Published 04/01/2020, 04:14 AM
Updated 04/01/2020, 04:36 AM
© Bloomberg. Yannis Stournaras Photographer: Yorgos Karahalis /Bloomberg

(Bloomberg) -- Europe risks a new sovereign-debt crisis if governments don’t match the European Central Bank’s action with a common fiscal response to support the economy through the coronavirus pandemic, according to ECB policy maker Yannis Stournaras.

Stournaras, who heads the Greek central bank, urged leaders to stop bickering and form a “strong alliance” to fight the coronavirus. He particularly recommended jointly issued bonds, a step backed by several nations but resisted by more fiscally conservative ones.

“Now is the time for common action and solidarity,” he told Bloomberg News. “Moral hazard considerations should not be the main determinant of our actions today.”

While European governments have announced national fiscal measures worth hundreds of billions of euros, they’ve struggled to agree on a common approach. German Chancellor Angela Merkel is opposed to so-called coronabonds, reflecting her country’s concerns about becoming liable for spending by weaker economies.

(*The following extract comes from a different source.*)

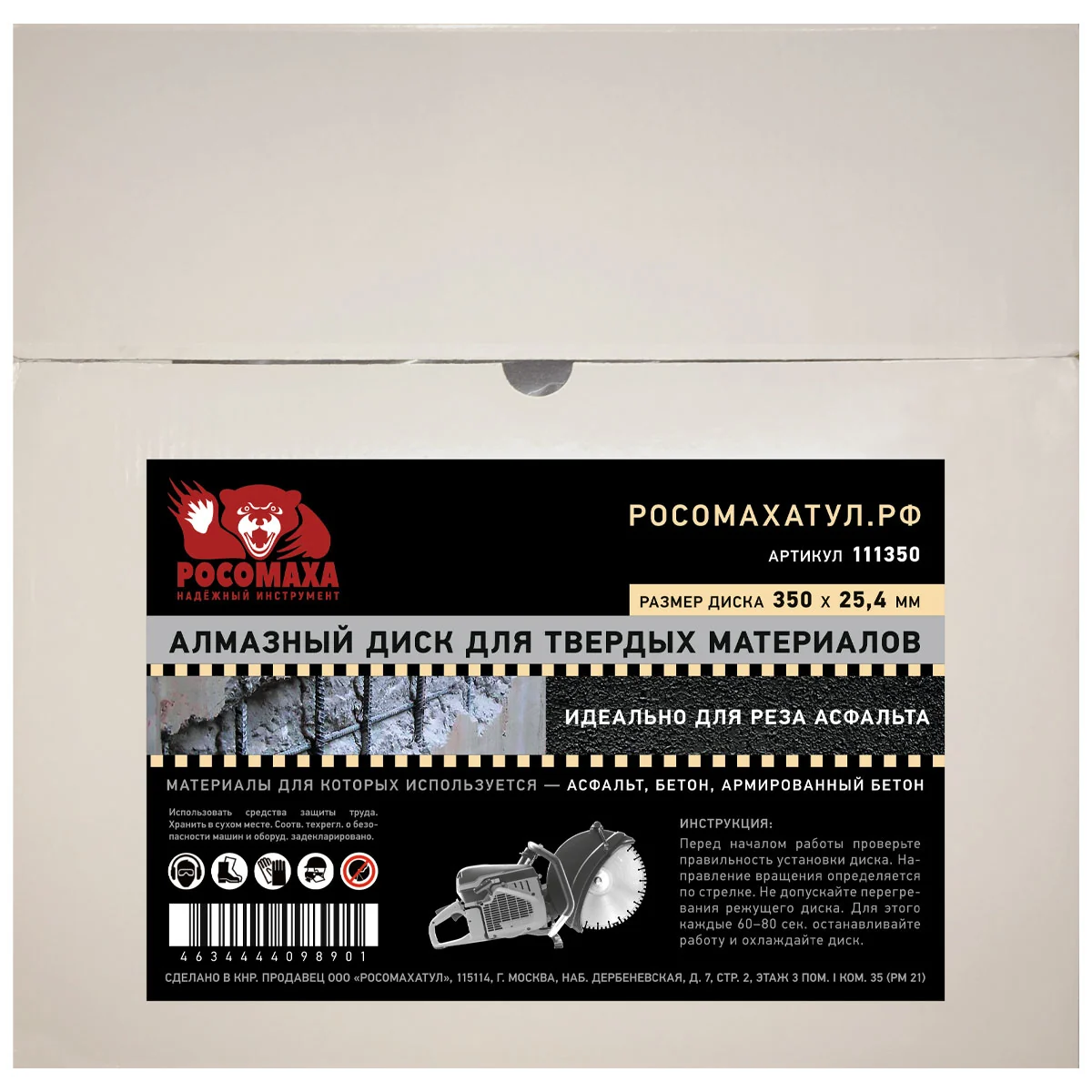 Диск отрезной алмазный по асфальту, бетону и камню 350*3,0 мм "РОСОМАХА" [1 шт]

Italian Prime Minister Giuseppe Conte has pushed back against forcing struggling countries to apply for credit lines from the European Stability Mechanism, the region’s rescue fund.

Common Enemy

Stournaras argued against focusing on the ESM as the primary way to provide relief.

The ESM “has a very serious role to play” but conditional credit lines aren’t an appropriate tool in a pandemic and “cannot be applied to current circumstances,” he said. “Common issuance of debt is common action against the common enemy.”

The ECB plans more than 1 trillion euros ($1.1 trillion) of asset purchases this year along with other support measures to prevent a credit squeeze and fight the economic fallout from the coronavirus.

President Christine Lagarde has also been trying to cajole leaders into agreeing to joint debt.

Stournaras said sovereign-debt levels are set to increase by 10 to 20 percentage points because of virus-related fiscal spending. In Greece, which triggered the region’s debt crisis a decade ago, the burden already amounts to 180% of GDP, compared with around 60% in Germany.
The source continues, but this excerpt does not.